До сих пор, сколько ни проверял, ни разу ни на что не наткнулся. Да и другие тоже, поэтому он был уверен, что проверку устраивают порядка ради или просто из желания досадить заключенным, но уж никак не надеясь в самом деле что-нибудь обнаружить. И все-таки однажды именно ему что-то попалось, и этого было достаточно, чтобы случилась беда. Где-то по пути в Цетинье был ранен и захвачен в плен партизан, родом из окрестностей Подгорицы. Его отправили в больницу, там промыли рану, перевязали и доставили в тюрьму, причем поместили в камеру-одиночку, чтобы не разговаривал с другими заключенными. Этому раненому парню кто-то принес синюю кастрюлю кислого загустевшего овечьего молока. Гаго провел ложкой по дну и вздрогнул, почувствовав что-то постороннее; поспешил отнести кастрюлю. Не исключено, что его выдала торопливость, а может, так хотел случай, но Луци окликнул его, когда Гаго уже мчался по двору, и спросил, проверил ли он кастрюлю.
— Я смотрел, все в порядке, — ответил Гаго и побежал.
— Нет, иди-ка сюда, — рявкнул Луци. — Я посмотреть!

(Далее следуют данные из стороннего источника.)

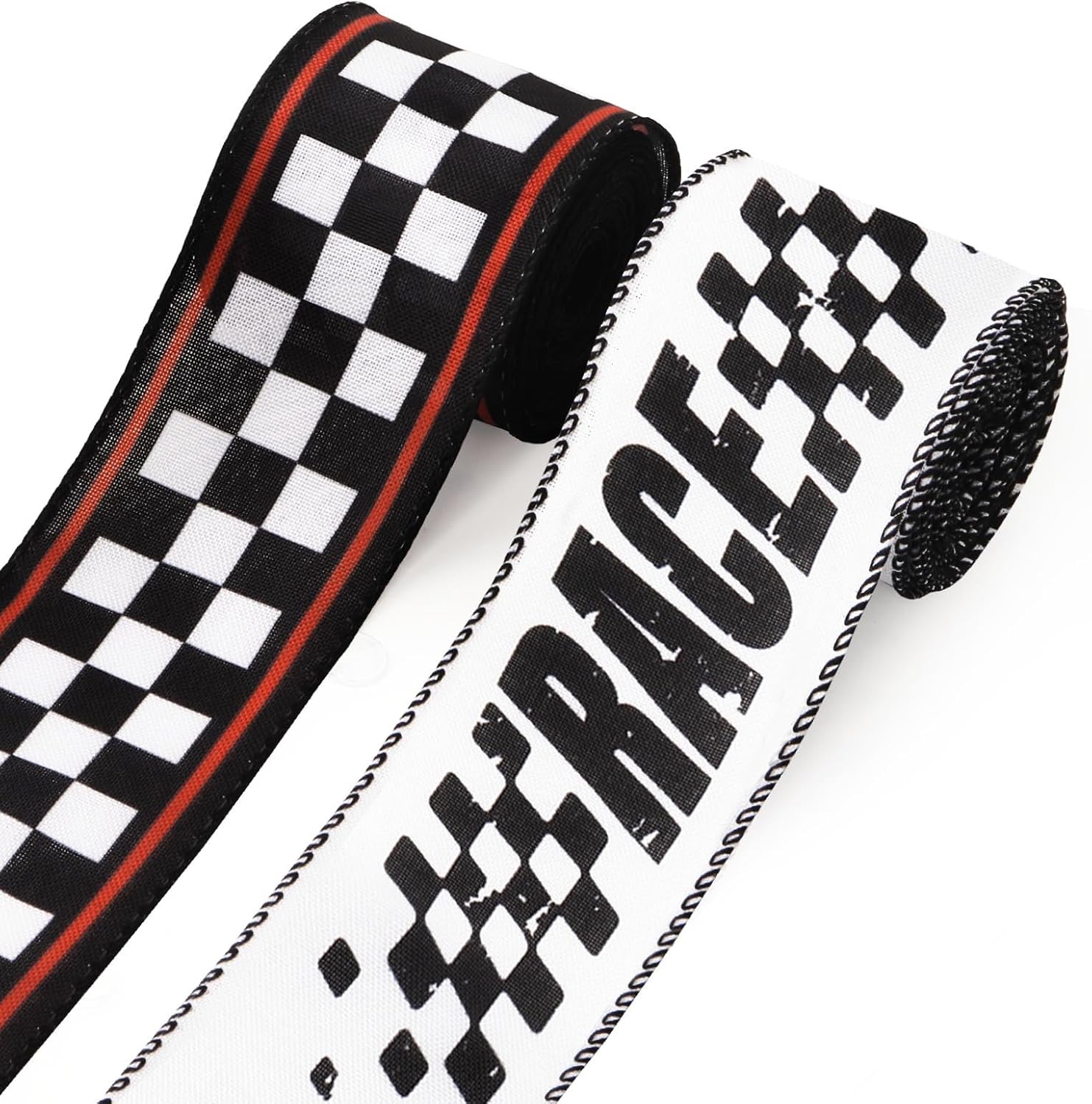 - Size: You will receive 2 rolls of Racing Car Theme Printed Ribbon. Each black and white checkered ribbon measures approximately 2.5 inches wide and 5 yards long, for a total of 10 yards. This size is sufficient for crafting, decorating, and race car party needs.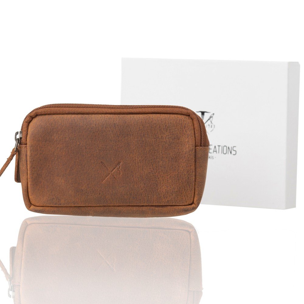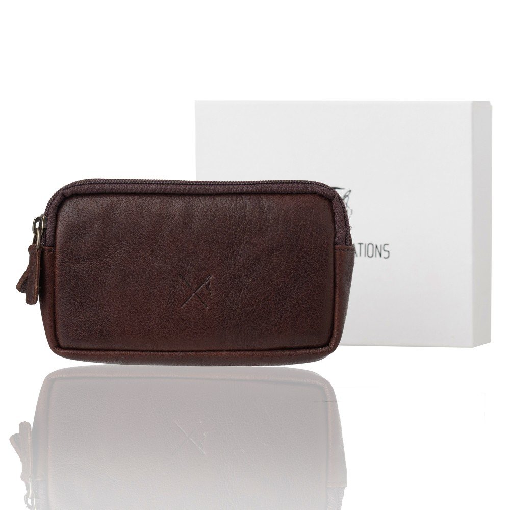 This leather wallet offers practicality in a compact size, featuring a double zipper that creates two separate compartments. One section is perfect for banknotes or coins, while the other is ideal for storing cards, providing essential organization for everyday use. At the back, there is an additional small zippered pocket for storing tiny essentials. Inside, a small chain with a keyring allows you to secure keys or small items, while RFID technology protects your cards from unwanted wireless scanning.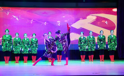 音樂舞蹈中心帶來的舞蹈《紅色贊歌》拉開了晚會的序幕。表演者們身穿迷彩服,迎著變換的燈光,那抹好似圣潔之光的綠色照進每一位震旦人的心,旋轉(zhuǎn)、跳躍,昂首挺胸的身姿踏著音樂的旋律,曼妙的肢體譜寫生命的律動之美,和諧之韻,舞出了對中國共產(chǎn)黨的深深敬意。

У Гаго подкосились ноги. Будь открыта хоть одна камера, он не расслышал бы. Теперь же пришлось оглянуться и повернуть назад. Медленно идет, надеется на чудо, которое могло бы его спасти, вот и хочется дать этому чуду время для спасения. Решил поторопить его, но споткнулся, кастрюля выскользнула, он приземлился на ладони и увидел, как молоко вылилось и показалось что-то маленькое, вроде коробочки из-под аспирина, сразу же обратив на себя внимание. Луци схватил коробочку, оглядел, потом взглянул на Гаго, поднимавшегося с земли. Впился в него скорей зубами, чем глазами, схватил увесистую березовую метлу, которой подметали двор, и замахнулся, того гляди переломает ноги.
— Бандидо! — закричал Луци, давая знак остальным.
От метлы Гаго увернулся, но не более того. Сбежались охранники, даже не зная, что произошло; оставили свои посты принимавшие передачи, все кинулись на него. Замахиваются, бьют и при этом еще спрашивают:
— Ворует?
— Украл?
— Наверняка что-нибудь слопал!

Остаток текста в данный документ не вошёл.